As already stated, it only records those transactions, which can be stated in terms of cash projections. Communication between stakeholders and management becomes easier when we present the business values in terms of money. The inflation impact is not taken into account in the transaction recording process. All the above reasons make the money measurement concept in accounting one of the most important financial concepts.
Exceptions to Money Measurement Concept
There are many exceptions to the Money Measurement Concept or transaction examples that may not be recorded in terms of money. Such examples include employee quality, skill set, and qualification. You can never measure the skill set of an employee in terms of money. Again things like service and product quality cannot be compromised and cannot be measured in terms of money as well.
Other factors like administration efficiency, stakeholders’ satisfaction level, and employees are also exceptions to the Money Measurement Concept. Lastly, the biggest factor is the safety precautions that a company takes to prevent any hazardous situation which cannot be measured with monetary transactions but are extremely important for the company’s healthy well-being.
Limitations of Money Measurement Concept
There are plenty of non-monetary transactions or events that often leave a significant amount of impact on the business. But the money measurement concept in accounting does not take these transactions into account as per statutory rules. The inflation due to historic costs creates a huge impact on a business which is very swiftly ignored by the Money Measurement Concept. All of this can create a gap or bridge in the accounting and management sector. These are the major limitations of the money measurement concept.

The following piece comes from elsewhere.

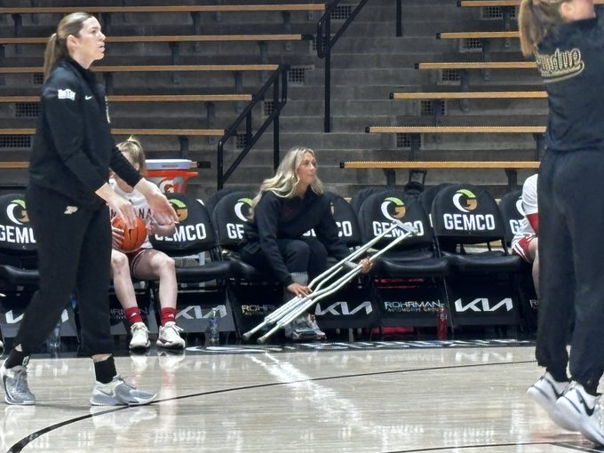 From Talia Goodman - Sydney Parrish just walked onto the court on crutches.
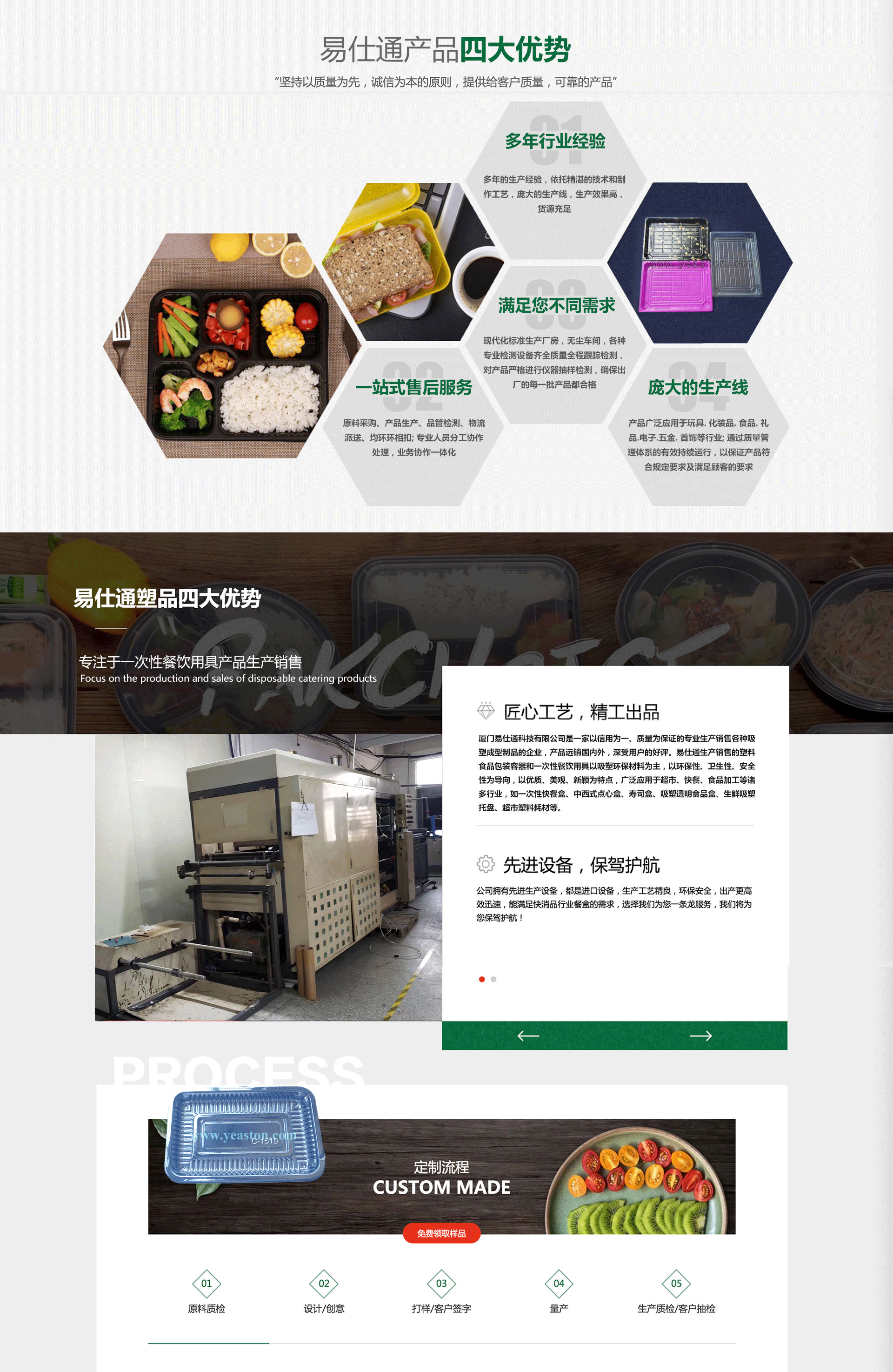 廈門易仕通科技有限公司是一家以信用為基礎(chǔ),生產(chǎn)銷售各種吸塑包裝制品的吸塑廠,產(chǎn)品遠(yuǎn)銷國(guó)內(nèi)外,深受用戶的好評(píng)。公司成立于2007年,擁有先進(jìn)的現(xiàn)代化成套吸塑生產(chǎn)設(shè)備和檢測(cè)儀器、擁有不斷創(chuàng)新的吸塑技術(shù)隊(duì)伍和誠(chéng)信為本的經(jīng)營(yíng)理念,為廣大客戶提供吸塑制品和熱情周到的服務(wù)。

Advantages of Money Measurement Concept
A track record of all the business transactions is maintained that have a particular monetary value and are not misplaced. Financial statements such as income statements, profit and loss statements, and balance sheets can be easily prepared by keeping a record of these transactions. Furthermost, two separate accounting periods can be compared to understand the growth of the company if these financial records are maintained properly.
Investors can easily know the status of the investment by accessing these financial records from time to time. A company can compare its financial record from time to time or can even compare it with other companies to understand their current status in the market. Above, we have tried to specify some of the major advantages of the Money Measurement Concept, but apart from the ages we haven't spoken about plenty of advantages.